[Records from a collection]

--- START ---

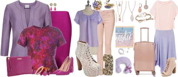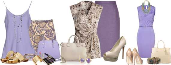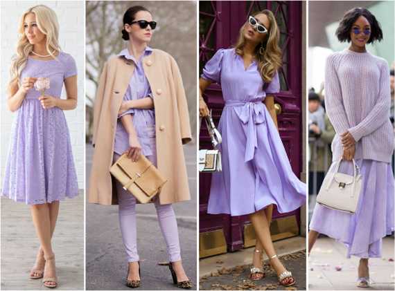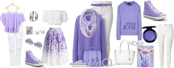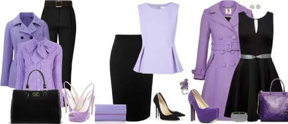 Сочетание сиреневого цвета в одежде могут быть разными: от девственно чистых, до кричащих, но как уже было сказано, предпочтения отдают нежным композициям.
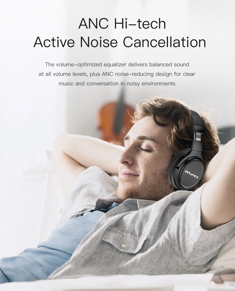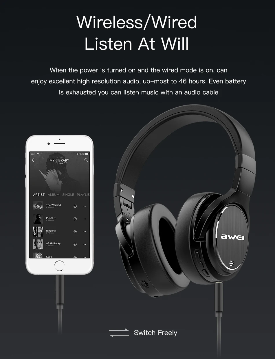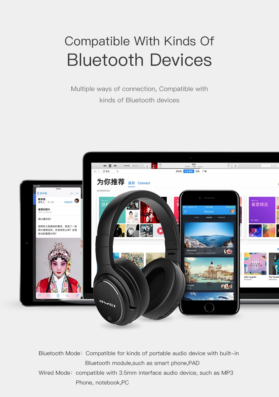 AWei A950BL Wireless Headphones Bluetooth Headset Noise Cancellation Games Earphone
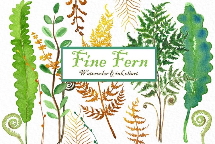 图穷联素材库 » 精美蕨类水彩水墨剪贴画合集 Fine ferns. wate
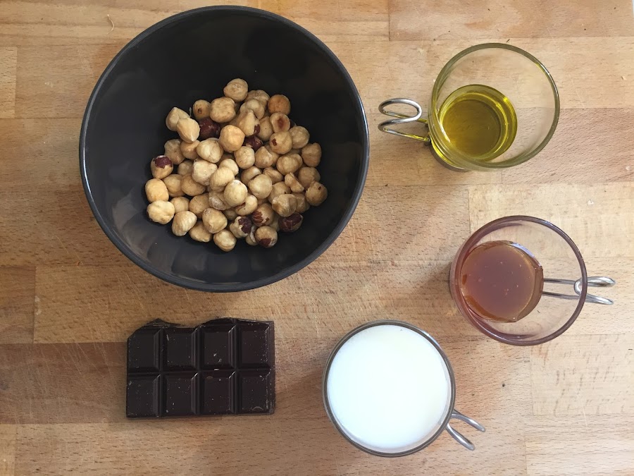 Después calentamos la miel para que podamos manejarla mejor y la vertemos encima del polvo de avellanas junto con el aceite y la leche.
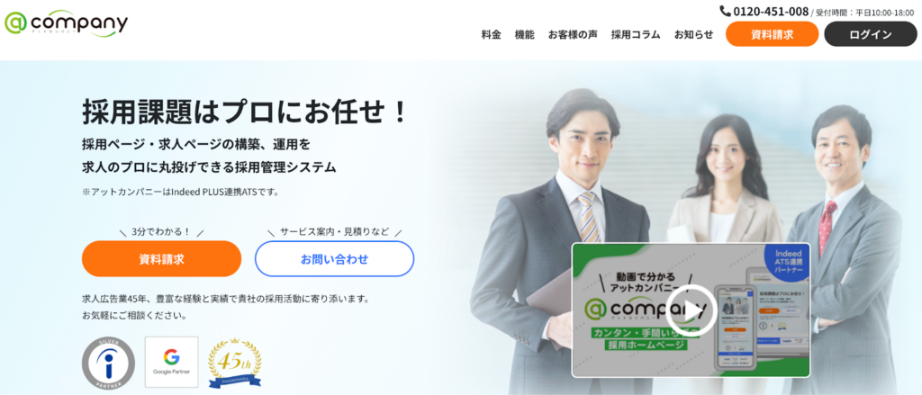 アットカンパニーは、採用ホームページの作成や求人掲載、応募者情報の管理からWEB面接機能まで、採用活動に必要な幅広い機能が充実している採用管理システム(ATS)です。Indeed認定パートナーである大新社が展開していることから、Indeedからの応募獲得に強く、Indeed PLUSとも連携できるため、効果的に母集団形成できます。また、Indeed PLUSの連携ATSであり、求人ボックスの正規販売代理店でもあるため、必要に応じてオプションを利用しながら求人の露出UPを図ることができるのも心強いポイントです。
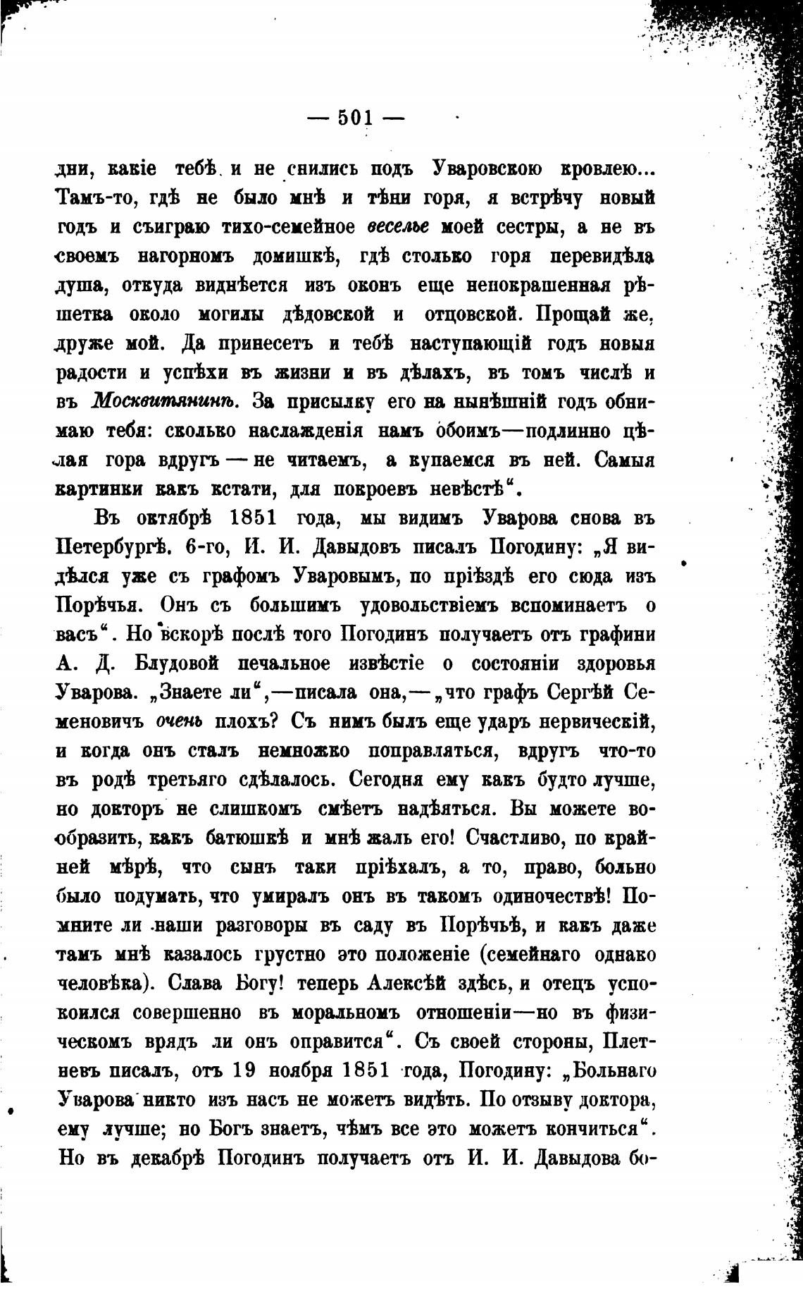 васъ" . Но •вскоргь послгь того Погодинъ получаетъ отъ графини
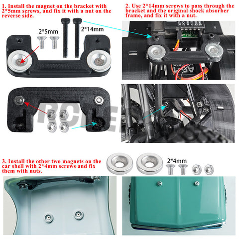 3. Install the other two magnets on the car shell with 2*4mm screws and fix them with nuts.
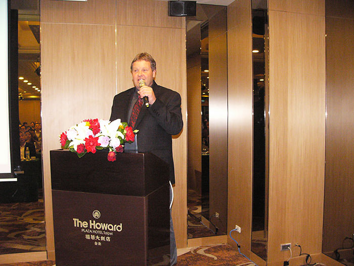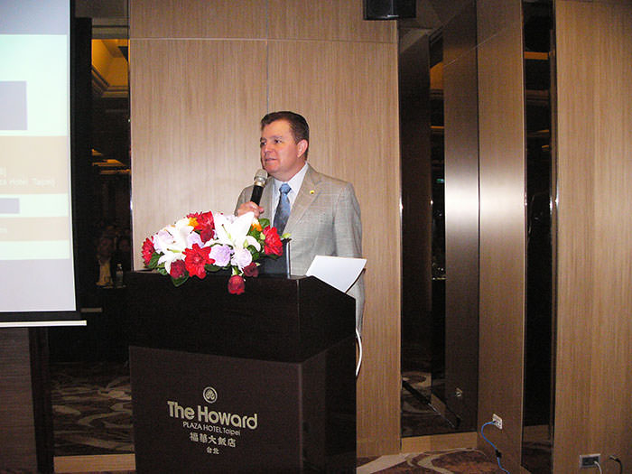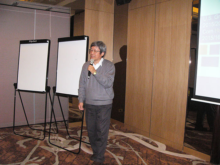 美國穀物協會美國總部全球貿易經理柯德樂先生主講『2015/2016年美國玉米收穫時之品質報告』。
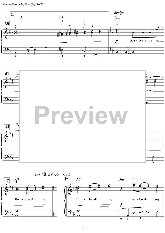 Digital Sheet Music for Un-Break My Heart by Diane Warren, Dan Coates, Toni Braxton scored for Easy Piano/Vocal/Chords; id:445346
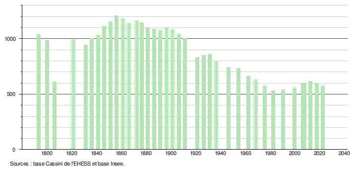 L'évolution du nombre d'habitants est connue à travers les recensements de la population effectués dans la commune depuis 1793. Pour les communes de moins de 10 000 habitants, une enquête de recensement portant sur toute la population est réalisée tous les cinq ans, les populations de référence des années intermédiaires étant quant à elles estimées par interpolation ou extrapolation[24]. Pour la commune, le premier recensement exhaustif entrant dans le cadre du nouveau dispositif a été réalisé en 2007[25].
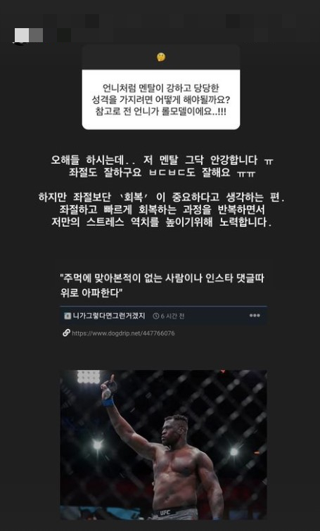 또한 고초희는 "오해들 하시는데 저 멘탈 그닥 안 강합니다. 좌절도 잘하고 부들부들도 잘해요"라고 답하고 "하지만 좌절보다 회복이 중요하다고 생각하는 편. 좌절하고 빠르게 회복하는 과정을 반복하면서 저만의 스트레스 역치를 높이기 위해 노력합니다"라고 밝혔다.
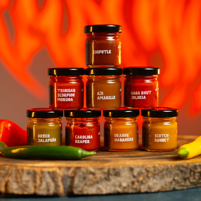MASHBOX 8 x 35ml je sada osmi prémiových chilli pyré vytvořených jen z papriček a soli. Žádné přidané příchutě, jen autentická chuť světově nejoblíbenějších odrůd chilli různých stupňů pálivosti. Perfektní ingredience do teplé kuchyně pro všechny, kdo chtějí vařit s opravdovou a plnou chutí chilli.
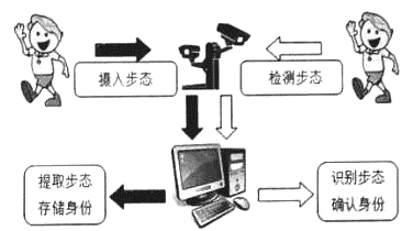 (2)示例:运用的是步态识别技术。它的工作原理是:首先,步态识别系统摄入步态和相应的身份信息;然后,系统提取步态特征并存储到步态数据库;当系统再次检测到相同步态的时候,便会从数据库中找出对应的信息,进而确认身份。(4分)
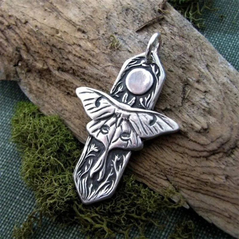 Boho Vintage Moon Moth Pendant Necklace
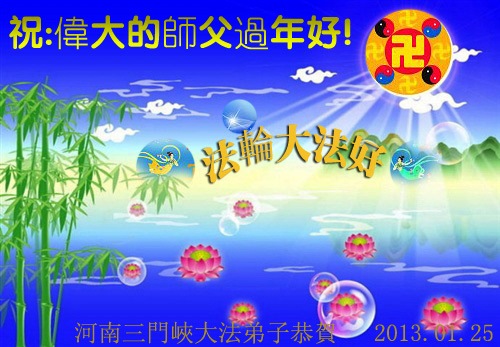 河南三門峽地區大法弟子向偉大的師尊問新年好!
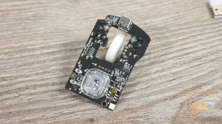 На противоположной стороне платы находится линза сенсора, два микропереключателя кнопок PAIR и DPI, регулятор режима подключения и разъем USB-C.
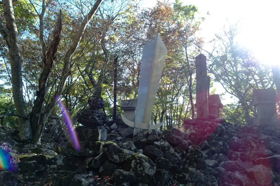 小さく登ったところが天狗山です。小さな石が積み重なるコブの上には大きな刀と石祠が祀られていました。
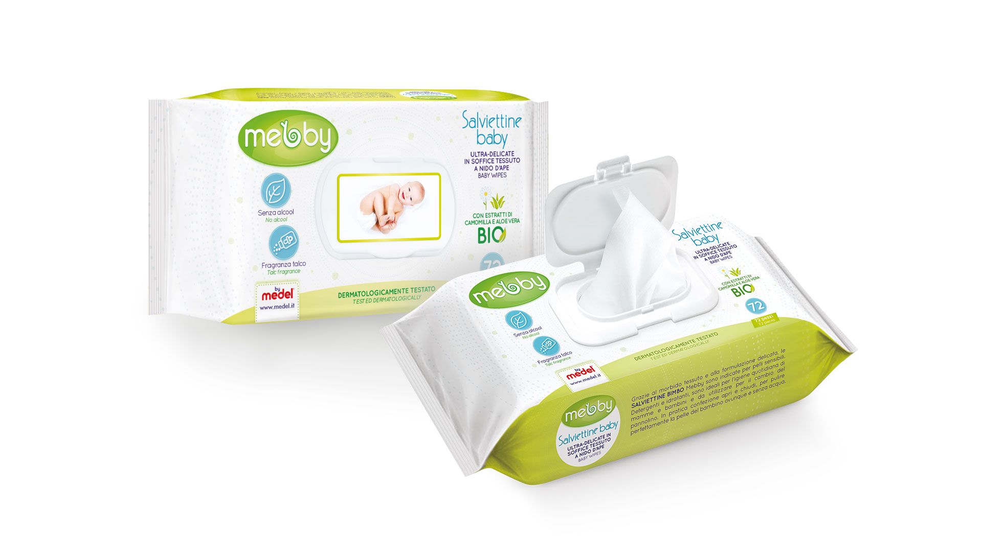 Cleansing and moisturizing, they are ideal for the daily hygiene of mothers and children and to be used for diaper changing. In a practical open-and-close pack, to clean baby's skin perfectly everywhere and without water.
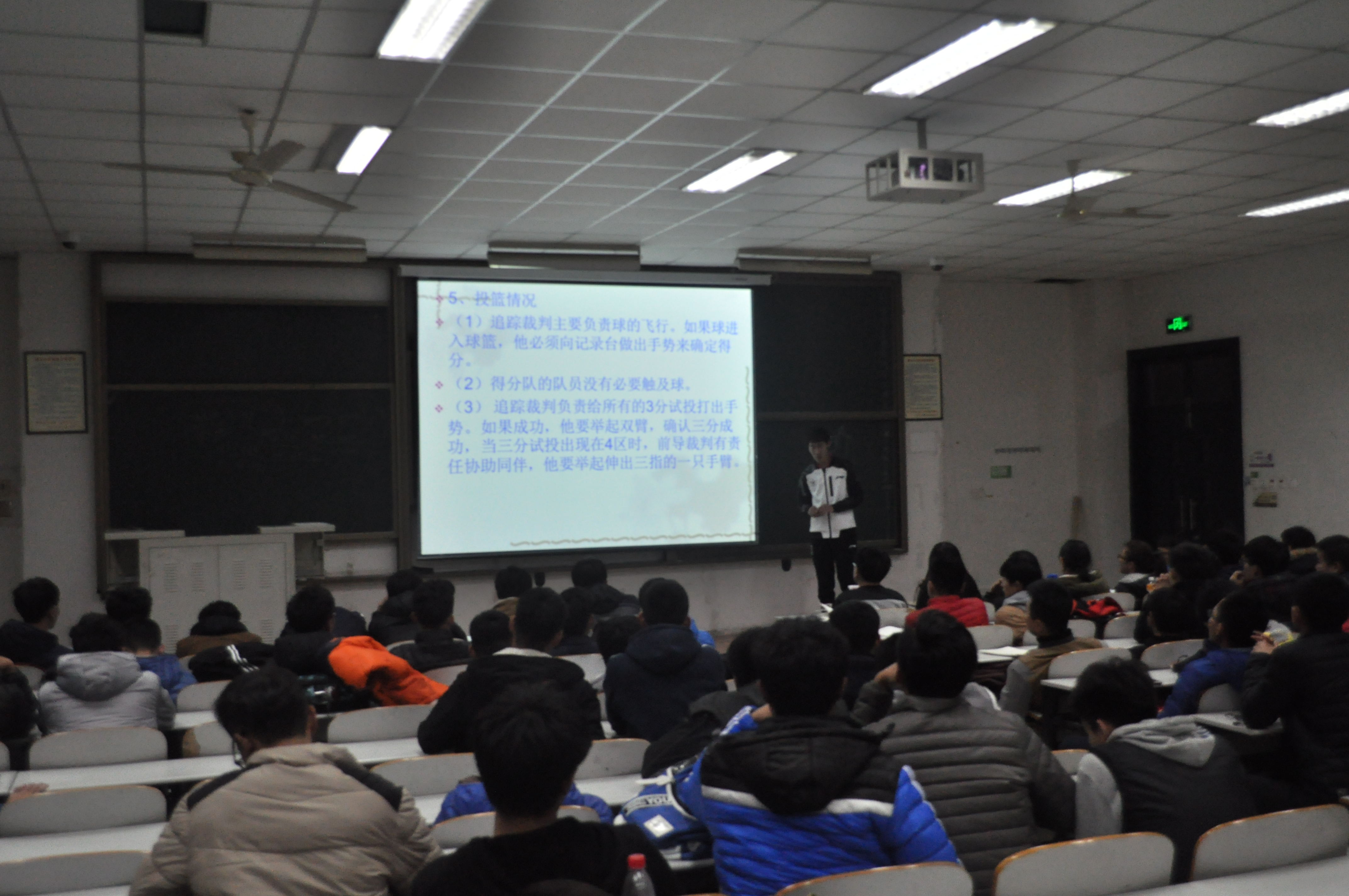 裁判协会会长龙鑫上台演讲。首先,他对现在的篮球赛进行分析,并介绍了自己以往参加吹罚比赛的经验与心得。伴随着精心准备的PPT文件,他介绍并且演示了裁判手势的动作,向同学们剖析每个动作的要领和神态。随后,他讲解了比赛时间、加时赛、暂停和替换时机时裁判应该做的占位与手势,以及如何向技术台传达信息等。而后,他又展示了当遇到球员受伤以及犯规后裁判应有的反应与职业素养,他表示,每位裁判都应该具有裁判气质,公正公开是原则,正式大方是基础。在台下的几位参加此次培训会的裁判纷纷表示赞许与赞同。培训会最后,体育部部长王加宝表示,一场比赛,如果不懂得规则,无论实力多强,获胜的可能也为零,因此,比赛的规则尤为重要。至此,会议圆满结束。
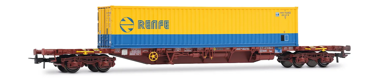 WAGON PORTE CONTENEURS À 4 ESSIEUX MMC3 CHARGÉ AVEC UN CONTENEUR DE 40' RENFE EN LIVRÉE ROUGE OXYDÉ ÉPOQUE IV
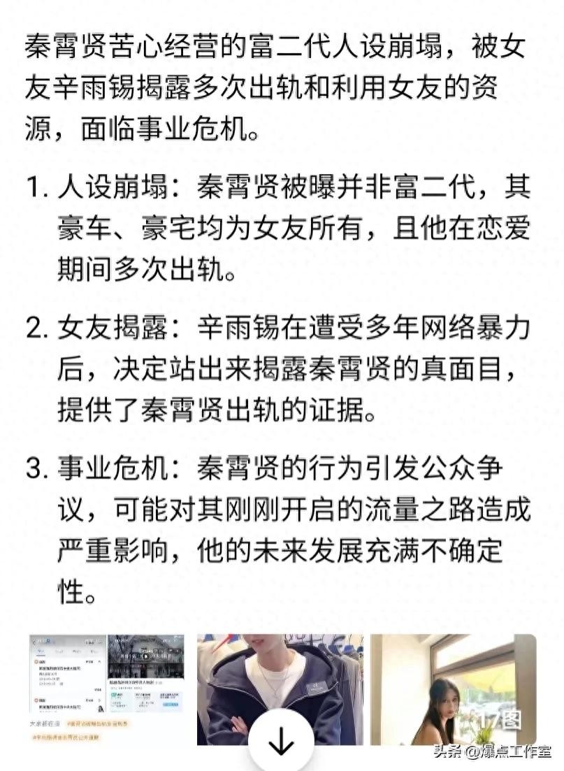 大家好,我是爱凑热闹的爆点,这几天娱乐圈最大的事无非就是秦霄贤出轨,富二代人设塌房,网上炒得沸沸扬扬,爆点今天就跟大家说说我知道得内幕吧。

--- END ---

Activity - In the entries above, find the line with "На противоположной стороне" and the line with "小さく登ったところが天狗山で". Write out exactly those two lines and every line between them, pictures excluded.

Answer to the problem -
 На противоположной стороне платы находится линза сенсора, два микропереключателя кнопок PAIR и DPI, регулятор режима подключения и разъем USB-C.
 小さく登ったところが天狗山です。小さな石が積み重なるコブの上には大きな刀と石祠が祀られていました。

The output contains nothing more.